Data Engineer
Who are you?
You are a seasoned Data Engineer with a deep understanding of data modeling, massive parallel processing (in both real-time and batch) and bringing Machine learning capabilities into large-scale production systems. You have experience at a cutting-edge startup and are passionate about building the data infrastructures that fuel the world’s first intelligent agent.
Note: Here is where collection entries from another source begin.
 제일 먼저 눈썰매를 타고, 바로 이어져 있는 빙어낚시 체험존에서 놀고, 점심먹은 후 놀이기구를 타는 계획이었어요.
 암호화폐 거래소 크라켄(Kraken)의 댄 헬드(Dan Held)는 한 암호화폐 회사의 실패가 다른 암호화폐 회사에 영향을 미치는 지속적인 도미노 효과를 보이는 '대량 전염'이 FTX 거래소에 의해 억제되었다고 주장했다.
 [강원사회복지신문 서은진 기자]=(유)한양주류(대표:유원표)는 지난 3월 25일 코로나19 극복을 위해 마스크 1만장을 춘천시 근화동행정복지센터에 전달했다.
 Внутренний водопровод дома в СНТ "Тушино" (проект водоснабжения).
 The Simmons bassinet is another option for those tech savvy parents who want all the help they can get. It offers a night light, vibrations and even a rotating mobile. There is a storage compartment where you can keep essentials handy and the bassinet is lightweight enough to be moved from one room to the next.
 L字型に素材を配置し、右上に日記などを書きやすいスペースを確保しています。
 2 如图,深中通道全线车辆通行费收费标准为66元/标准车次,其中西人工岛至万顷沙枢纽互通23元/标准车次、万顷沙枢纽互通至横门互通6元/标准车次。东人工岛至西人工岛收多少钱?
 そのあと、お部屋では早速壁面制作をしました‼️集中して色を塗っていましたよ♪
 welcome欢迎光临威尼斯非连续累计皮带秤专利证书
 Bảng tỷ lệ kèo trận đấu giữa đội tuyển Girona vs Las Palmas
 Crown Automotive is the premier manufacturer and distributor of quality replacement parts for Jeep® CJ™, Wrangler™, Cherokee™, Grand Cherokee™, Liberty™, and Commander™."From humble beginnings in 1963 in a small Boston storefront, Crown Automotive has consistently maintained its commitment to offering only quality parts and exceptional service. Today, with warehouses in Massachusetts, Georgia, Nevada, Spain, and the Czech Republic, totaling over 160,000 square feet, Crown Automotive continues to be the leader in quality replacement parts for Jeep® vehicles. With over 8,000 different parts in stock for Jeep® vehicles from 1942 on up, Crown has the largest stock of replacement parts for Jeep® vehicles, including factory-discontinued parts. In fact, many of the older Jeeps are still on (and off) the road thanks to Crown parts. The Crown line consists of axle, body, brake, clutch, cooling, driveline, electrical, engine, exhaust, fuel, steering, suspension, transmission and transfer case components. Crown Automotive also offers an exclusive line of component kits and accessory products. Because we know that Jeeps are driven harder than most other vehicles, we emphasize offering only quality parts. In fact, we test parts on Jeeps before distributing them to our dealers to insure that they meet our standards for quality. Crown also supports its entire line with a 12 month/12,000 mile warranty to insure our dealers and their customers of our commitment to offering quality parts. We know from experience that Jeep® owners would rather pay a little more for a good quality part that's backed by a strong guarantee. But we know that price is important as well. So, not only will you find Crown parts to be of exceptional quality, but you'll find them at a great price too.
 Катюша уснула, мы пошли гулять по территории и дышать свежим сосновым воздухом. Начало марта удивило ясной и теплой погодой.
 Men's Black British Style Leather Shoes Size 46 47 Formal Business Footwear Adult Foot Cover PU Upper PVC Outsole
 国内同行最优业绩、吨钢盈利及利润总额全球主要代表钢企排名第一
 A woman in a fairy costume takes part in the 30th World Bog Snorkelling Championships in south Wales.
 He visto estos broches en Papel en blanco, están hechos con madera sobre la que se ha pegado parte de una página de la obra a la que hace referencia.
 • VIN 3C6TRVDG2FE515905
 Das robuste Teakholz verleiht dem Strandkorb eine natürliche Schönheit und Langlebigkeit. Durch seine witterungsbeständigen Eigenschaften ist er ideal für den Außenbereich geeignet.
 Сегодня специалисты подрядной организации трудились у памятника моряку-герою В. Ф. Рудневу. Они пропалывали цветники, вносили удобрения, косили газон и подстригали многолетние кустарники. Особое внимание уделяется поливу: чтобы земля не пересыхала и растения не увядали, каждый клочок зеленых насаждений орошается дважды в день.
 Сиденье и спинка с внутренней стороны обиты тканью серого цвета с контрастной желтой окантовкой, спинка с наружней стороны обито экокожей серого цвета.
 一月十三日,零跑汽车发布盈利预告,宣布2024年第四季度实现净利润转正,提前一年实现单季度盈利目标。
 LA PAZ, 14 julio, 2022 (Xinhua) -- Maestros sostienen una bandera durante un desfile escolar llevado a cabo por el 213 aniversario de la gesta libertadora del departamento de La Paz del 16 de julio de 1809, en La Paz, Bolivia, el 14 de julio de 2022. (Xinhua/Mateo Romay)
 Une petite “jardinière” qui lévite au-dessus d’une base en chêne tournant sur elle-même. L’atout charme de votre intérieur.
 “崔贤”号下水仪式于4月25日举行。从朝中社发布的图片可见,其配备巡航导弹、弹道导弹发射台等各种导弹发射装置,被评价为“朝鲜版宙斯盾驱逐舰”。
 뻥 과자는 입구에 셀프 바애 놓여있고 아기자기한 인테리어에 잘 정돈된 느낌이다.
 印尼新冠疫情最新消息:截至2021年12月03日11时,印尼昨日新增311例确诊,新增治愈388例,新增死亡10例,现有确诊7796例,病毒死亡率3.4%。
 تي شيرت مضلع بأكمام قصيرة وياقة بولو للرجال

You are a team player with excellent collaboration, communication skills, and a “can-do” approach.
What you’ll be doing?
- Build, maintain, and scale data pipelines for both batch and real-time data processing across multiple sources and ecosystems.
- Design and implement robust APIs and integrate diverse data systems to support data collection and aggregation.
- Develop and manage advanced data architectures, including lakehouses, streamhouses, and data warehouses.
- Collaborate with data scientists and other stakeholders to implement effective data solutions and integrate large language models (LLMs) into our systems.
- Work with cross-functional teams to define business needs and translate them into technical implementations that leverage your deep understanding of data architectures and software engineering best practices.
- Develop and lead initiatives to manage, monitor, and debug data systems, enhancing their reliability, efficiency, and overall quality.
What should you have?
- 8+ years of experience in designing and managing sophisticated lakehouse and data warehouse architectures, ensuring scalable, efficient, and reliable data storage solutions.
- 8+ years of experience building and maintaining ETLs using Apache Spark.
- 5+ years of experience working with streaming technologies (e.g., Apache Kafka, Pub/Sub) and implementing real-time data pipelines using Stream processing technologies (e.g., Spark Streaming, Cloud Functions).
- 8+ years of experience with SQL and distributed query engines such as Presto and Trino, with a strong focus on analyzing and optimizing query plans to develop efficient and complex queries.
- 5+ years of experience developing APIs using Python, with proficiency in asynchronous programming and task queues.
- Proven expertise in deploying and managing Spark applications on enterprise-grade platforms such as Amazon EMR, Kubernetes (K8S), and Google Cloud Dataproc.
- Solid understanding of distributed systems and experience with open file formats such as Paimon and Iceberg.
- 5+ years of experience developing infrastructures that bring machine learning capabilities to production, using solutions such as Kubeflow, Sagemaker, and Vertex.
- 8+ years of experience writing production-grade Python code and working with both relational and non-relational databases.
- Solid understanding of software engineering concepts, design patterns, and best practices, with the ability to architect solutions and integrate different system components.
- Proven experience working with unstructured data, complex data sets, and data modeling.
- Advantage – Demonstrated experience orchestrating containerized applications in AWS and GCP using EKS and GKE.
- Advantage – Proficiency in Scala and Java.